I finally had a chance to take it to the dealer, and they said I need a new clutch.

At first they quoted me $1880. I called the parts department to see how much the clutch would cost, and the guy asked if I needed the flywheel too because it wasn't machinable. That got me wondering about the $1880 because Aamco quoted me $705 for labor, and the clutch costs $437. Add $72 for the throwout bearing, $677 for the flywheel, and the Aamco total is $1891. I thought to myself, "There's no way the dealer would be that cheap," and sure enough, the dealer quote didn't include the flywheel. The service advisor thought it would be similar to an RSX clutch replacement where you could machine the flywheel, but I told him that parts told me the flywheel wasn't machinable, so after he looked into it, he apologized and gave me a discount. $2100 plus tax is the new price.

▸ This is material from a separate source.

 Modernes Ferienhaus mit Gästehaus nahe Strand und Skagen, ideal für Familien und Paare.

I think I want to ask for a loaner car just so that I can experience one of the newer Acuras.

As I was reading through some threads here, I started wondering if I should also try to see if they can give me a good deal on the timing belt service. I'm at about 104k miles right now. I printed out that $389.98 coupon from Hamilton Honda to show my dealer, but I'm thinking they probably won't be able to match it or even come close, but let's see what happens. $497.54 was what DMZ reported as the final total in another thread. I think I was told somewhere around $1200 from my dealer. Oh well.

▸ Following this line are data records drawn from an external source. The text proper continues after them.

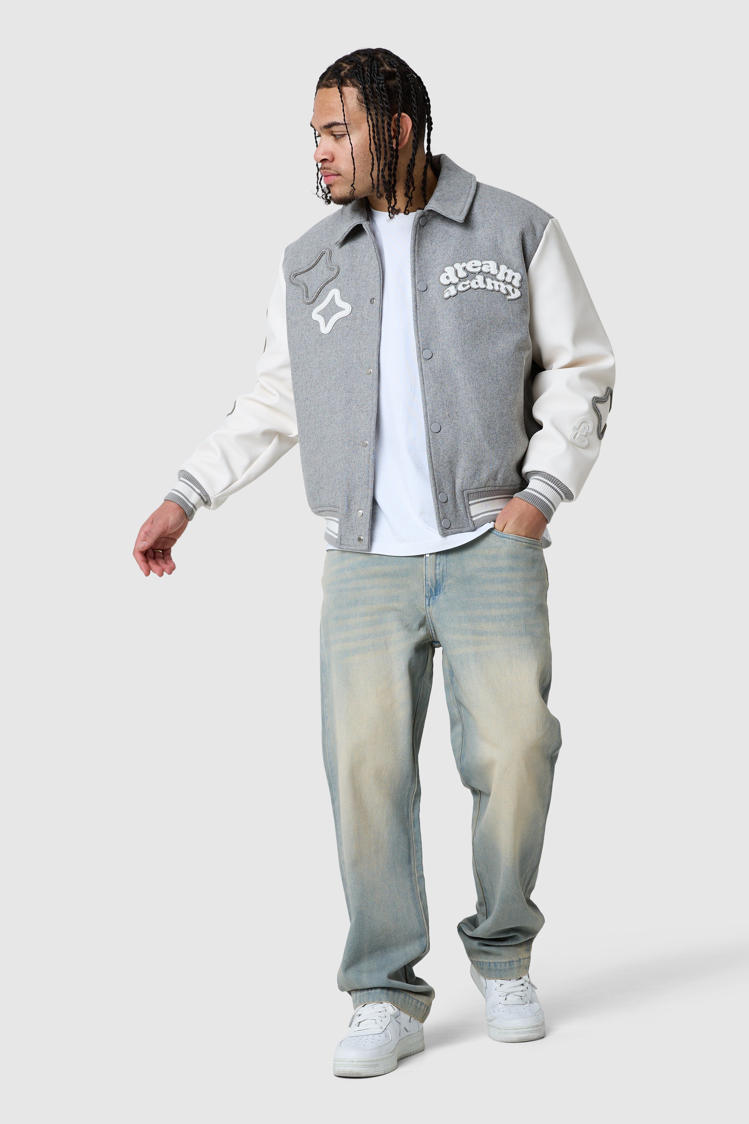 The Dream Acdmy Varsity Jacket is crafted from 47.5% wool, complemented by PU sleeves and wool appliqué patches for a modern, textured finish. Designed with a relaxed drop shoulder and jetted pockets, it combines classic varsity styling with elevated streetwear.
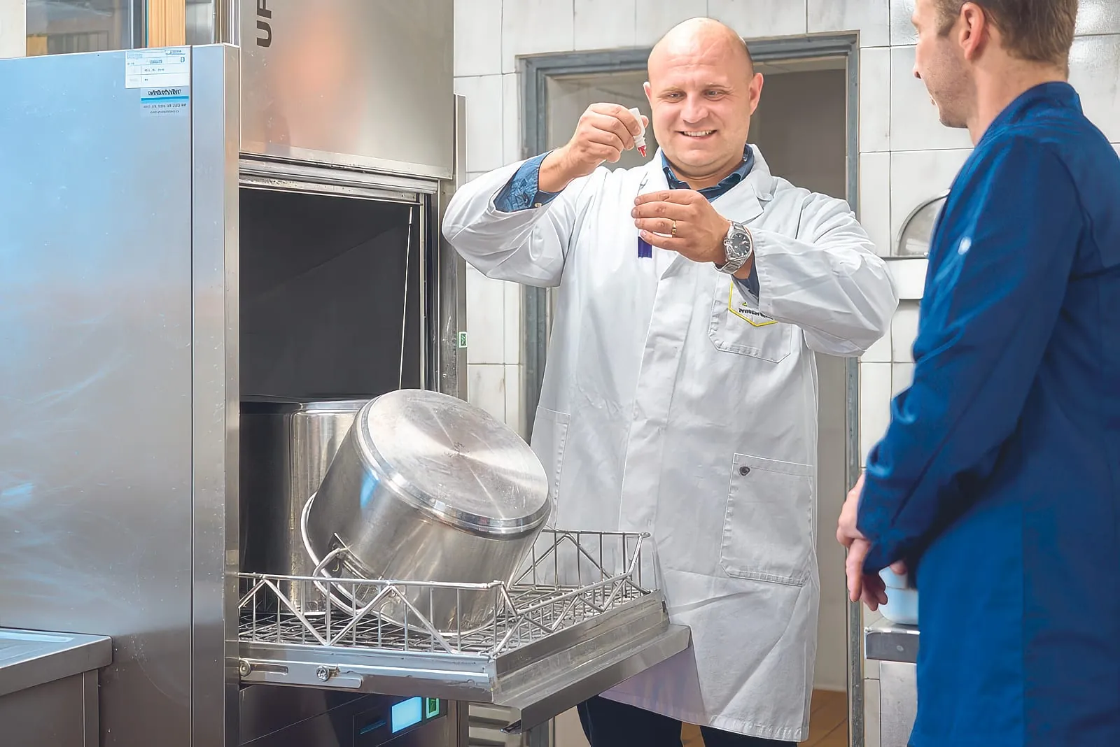 Großküchen sind Herzstücke von Pflegeheimen, Krankenhäusern, Hotels und anderen Einrichtungen, die eine konstante Versorgung mit frisch zubereiteten Mahlzeiten sicherstellen müssen. Hier muss jede Entscheidung unter dem Gesichtspunkt der Effizienz getroffen werden. Dies gilt sowohl für den Personaleinsatz als auch für den Einsatz von Geräten, Reinigungsmitteln und Ressourcen. Zudem dürfen keine Kompromisse bei der Hygiene eingegangen werden, da es meist strikte gesetzliche Vorgaben gibt. Ein besonderes Augenmerk liegt dabei auf der Reduktion der Reinigertank- und der Frischwassertemperatur.
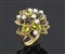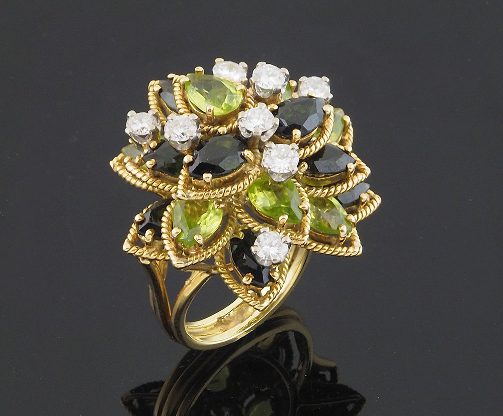 Grande anello a cupola in oro giallo 14 kt a forma di fiore, petali composti da tormaline e peridoti con diamanti taglio briallante per ca ct 1,75 ca
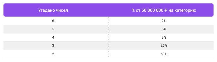 «Фраза „Распределим 50 000 000 рублей между всеми победителями. Выигрыши будут больше!“ означает, что в тираже „ВГЛ 5 Спорт“ (алгоритм определения выигрышей № 2) 24.06.2021 в 22:30 мск между победителями будет распределена указанная сумма, если до тиража и в этом тираже не будет победителей в 1-й категории».
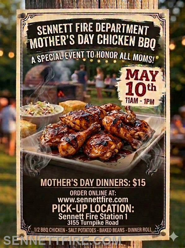 | The Sennett Fire Department's Annual Mother's Day Chicken BBQ will be held on Sunday, May 10th from 11am-1pm at the Co.1 firehouse located at 3155 Turnpike Road.

Oh, and I think I'll ask them to do a compression test to see why I'm getting random misfires. I'm almost positive it's because I over reved it when I accidentally shifted into 1st instead of 3rd. I wonder if the $133 diagnostic fee will cover that. I guess they'll need to confirm it with a leak-down test? I hope they know how to do it properly.

And I'm even thinking about having the half-shafts replaced because they're clicking a lot. Should I do that instead of having the boots replaced? Man, this is gonna cost a lot!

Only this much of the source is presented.